Exercise instructions: Please retype the entries that follow exactly as they are, leaving the images behind.

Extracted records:
========

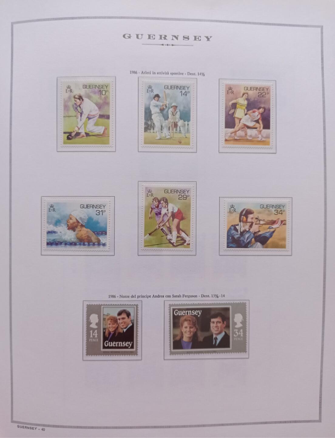 Francobolli Guernsey Anno 1986 Annata completa montata su Fogli Marini King usati (i fogli sono in omaggio)
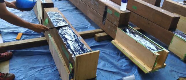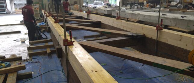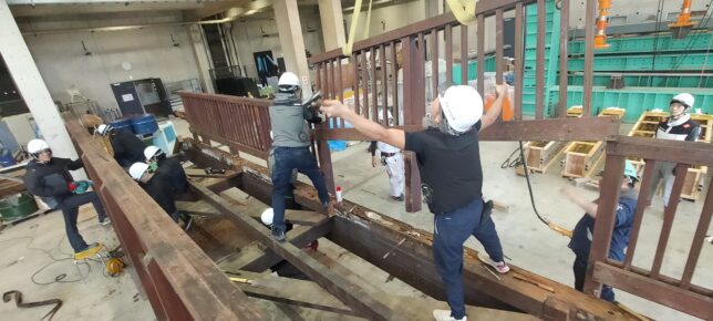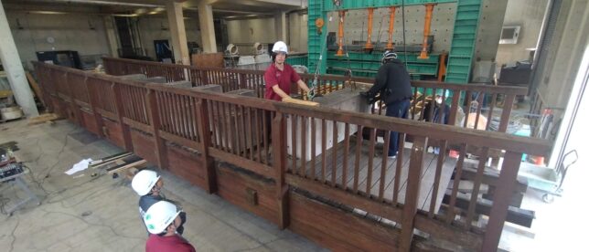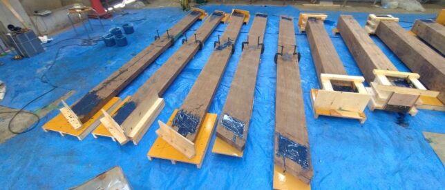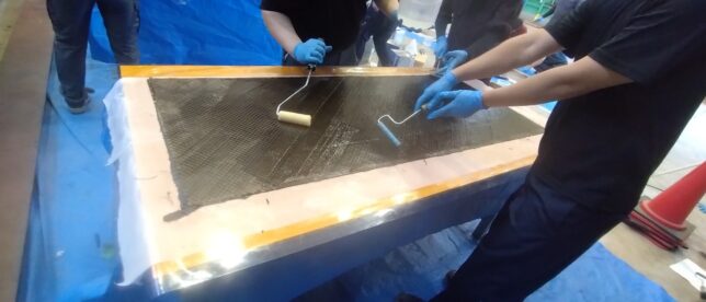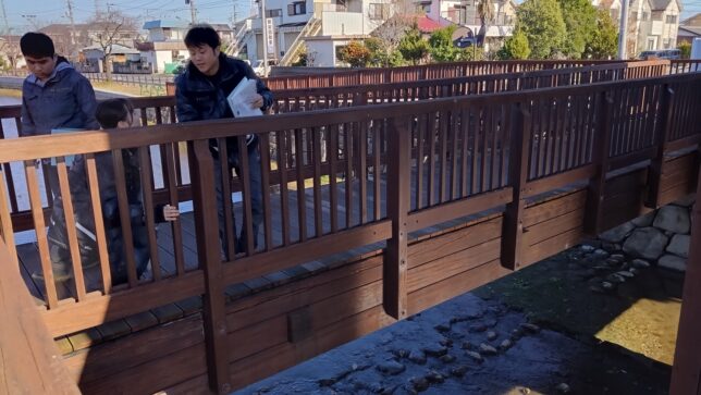 2025年度は,葛西用水に架かるふれあい橋のリノベーションを行っています.この橋は幅2m,橋長14mであり,比較的大きくて作業量がとても多いです.学生さんが頑張っています.また,日鉄ケミカル&マテリアル様から,樹脂や炭素繊維シート材料のサンプル提供をいただいています.お礼申し上げます.
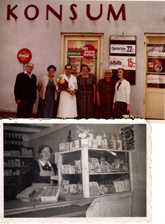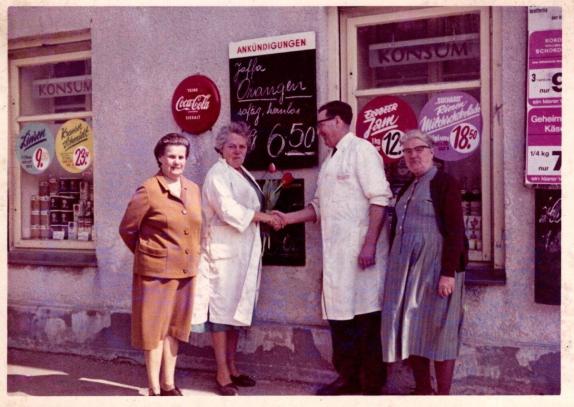 links stehend 1 Hr Haindl (ehem. Bürgrmeister Wr.Neudorf) 2 Frau Rasser, 3 Hr. Holzmann - Filialleiter, 4 Fr. Haindl. Nach dem Neubau der Konsumfiliale in der Schillerstraße im Jahre 1985, wurde die Filiale in der Kolonie geschlossen.
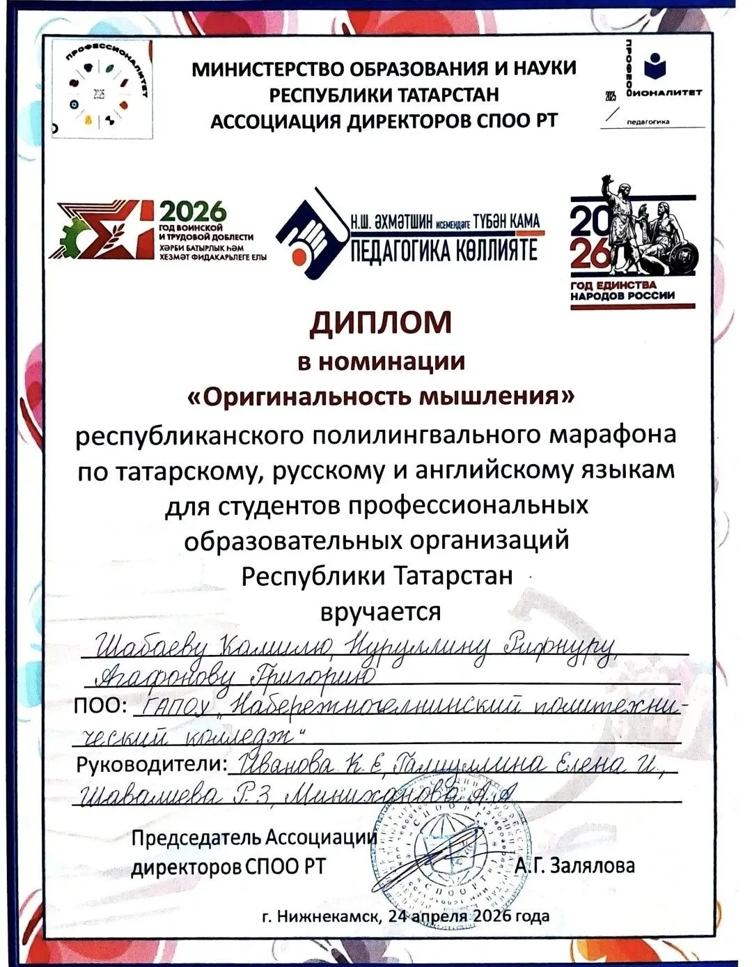 24 апреля 2026 года на базе ГАПОУ "Нижнекамский педагогический колледж" царила особенная атмосфера. Здесь собрались самые мотивированные и творческие студенты системы среднего профессионального образования, чтобы принять участие в Республиканском полилингвальном марафоне, посвящённом владению татарским, русским и английским языками.
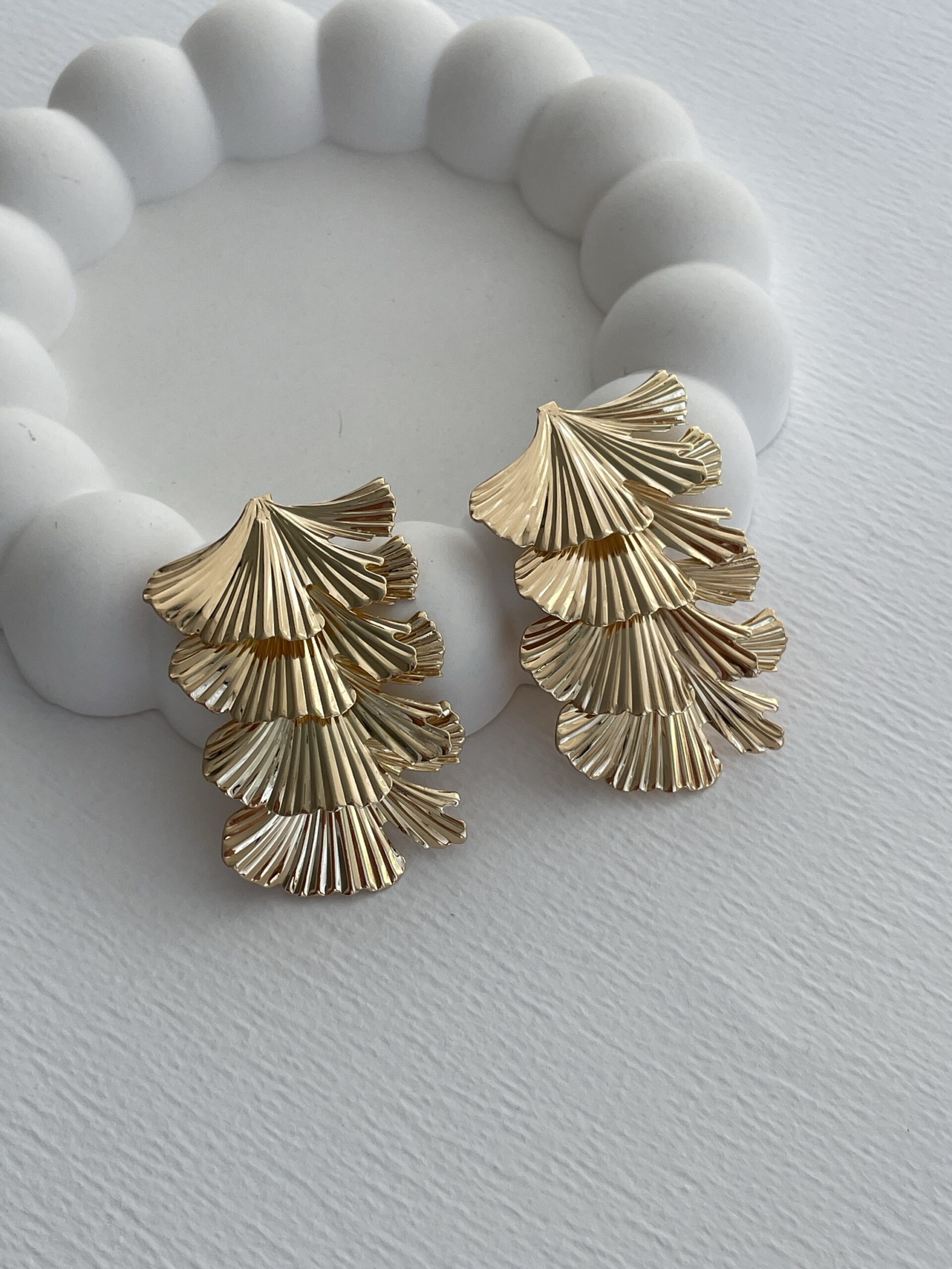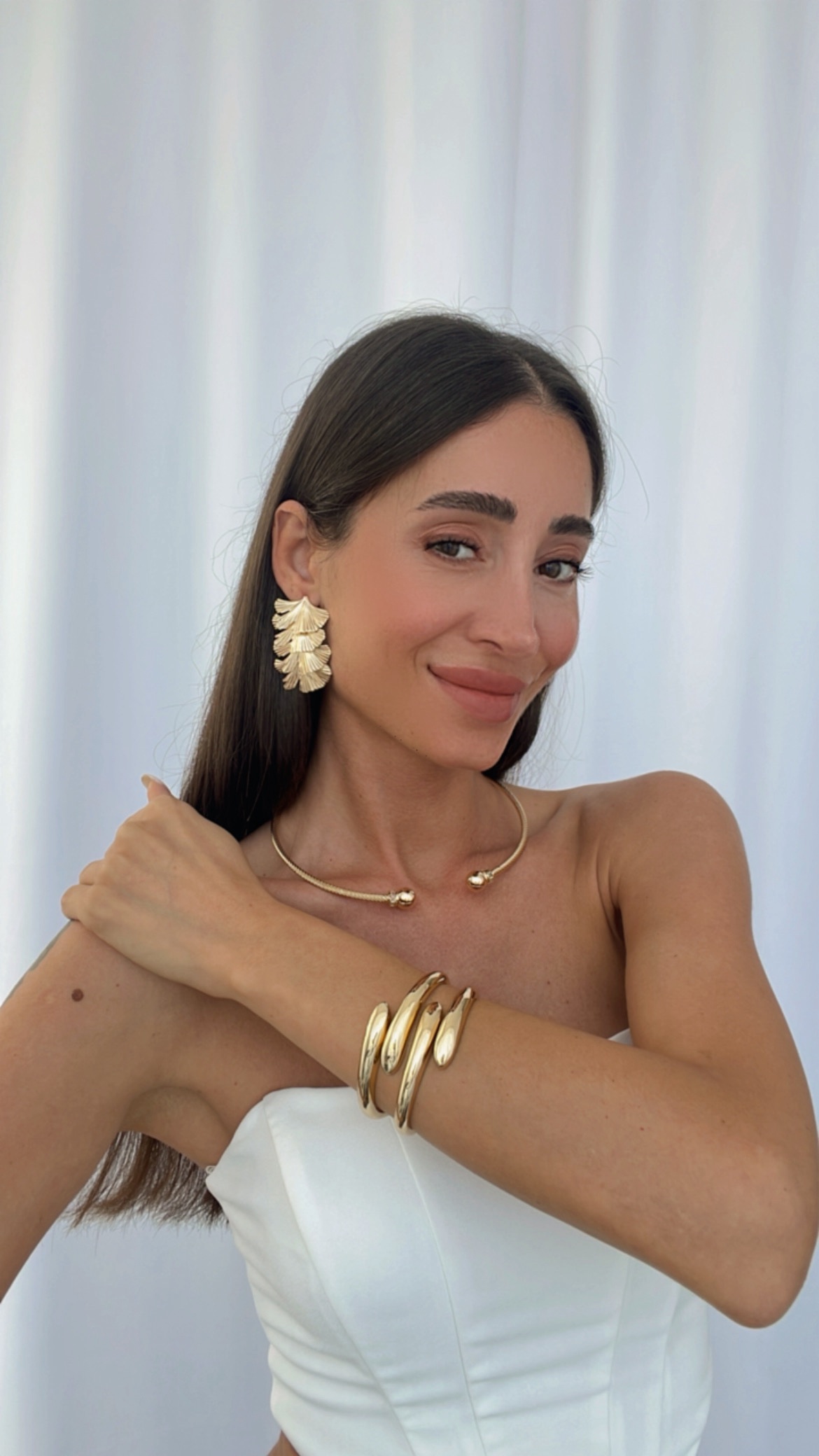 Özel Seri Dörtlü Yaprak Tasarım Gold Küpe
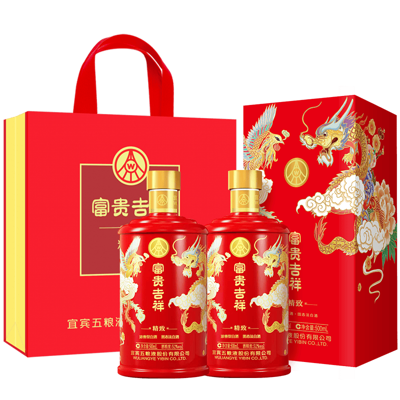这款酒的核心卖点在于其高端的品牌形象和文化渊源。五粮液的历史悠远长久,广受消费者认可,尤其在喜庆场合,选择五粮液能提高整体的仪式感。富贵吉祥的命名,寓意着美好的祝愿,深受年轻人和中年人的青睐。
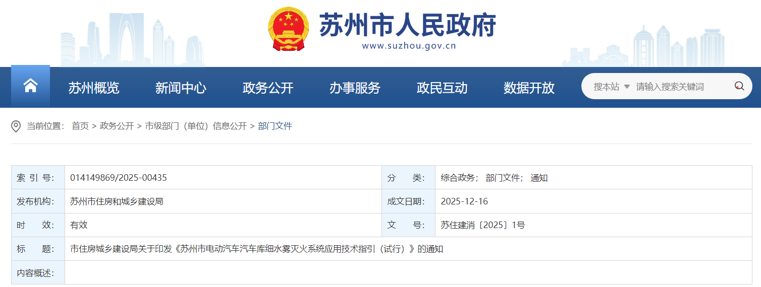 根据前期调研及真火试验数据,我局组织编制了《苏州市电动汽车库细水雾灭火系统应用技术指引(试行)》,现予印发,请各地建设主管部门、各有关单位认真贯彻执行。
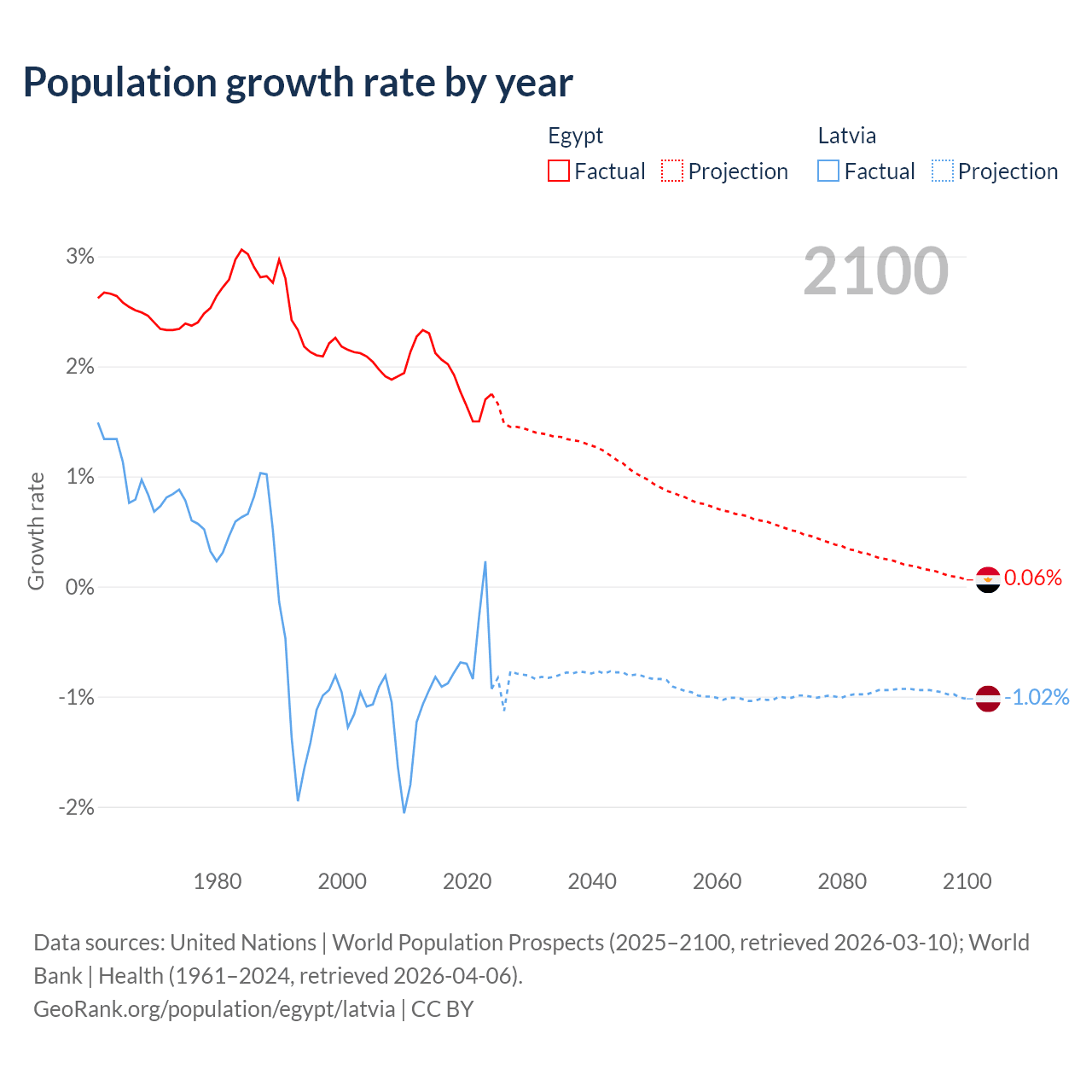 - For the last 10 years, Egypt has had an average growth rate of +1.84% per year vs -0.68% in Latvia.

========

Exercise answer:
 Francobolli Guernsey Anno 1986 Annata completa montata su Fogli Marini King usati (i fogli sono in omaggio)
 2025年度は,葛西用水に架かるふれあい橋のリノベーションを行っています.この橋は幅2m,橋長14mであり,比較的大きくて作業量がとても多いです.学生さんが頑張っています.また,日鉄ケミカル&マテリアル様から,樹脂や炭素繊維シート材料のサンプル提供をいただいています.お礼申し上げます.
 links stehend 1 Hr Haindl (ehem. Bürgrmeister Wr.Neudorf) 2 Frau Rasser, 3 Hr. Holzmann - Filialleiter, 4 Fr. Haindl. Nach dem Neubau der Konsumfiliale in der Schillerstraße im Jahre 1985, wurde die Filiale in der Kolonie geschlossen.
 24 апреля 2026 года на базе ГАПОУ "Нижнекамский педагогический колледж" царила особенная атмосфера. Здесь собрались самые мотивированные и творческие студенты системы среднего профессионального образования, чтобы принять участие в Республиканском полилингвальном марафоне, посвящённом владению татарским, русским и английским языками.
 Özel Seri Dörtlü Yaprak Tasarım Gold Küpe
这款酒的核心卖点在于其高端的品牌形象和文化渊源。五粮液的历史悠远长久,广受消费者认可,尤其在喜庆场合,选择五粮液能提高整体的仪式感。富贵吉祥的命名,寓意着美好的祝愿,深受年轻人和中年人的青睐。
 根据前期调研及真火试验数据,我局组织编制了《苏州市电动汽车库细水雾灭火系统应用技术指引(试行)》,现予印发,请各地建设主管部门、各有关单位认真贯彻执行。
 - For the last 10 years, Egypt has had an average growth rate of +1.84% per year vs -0.68% in Latvia.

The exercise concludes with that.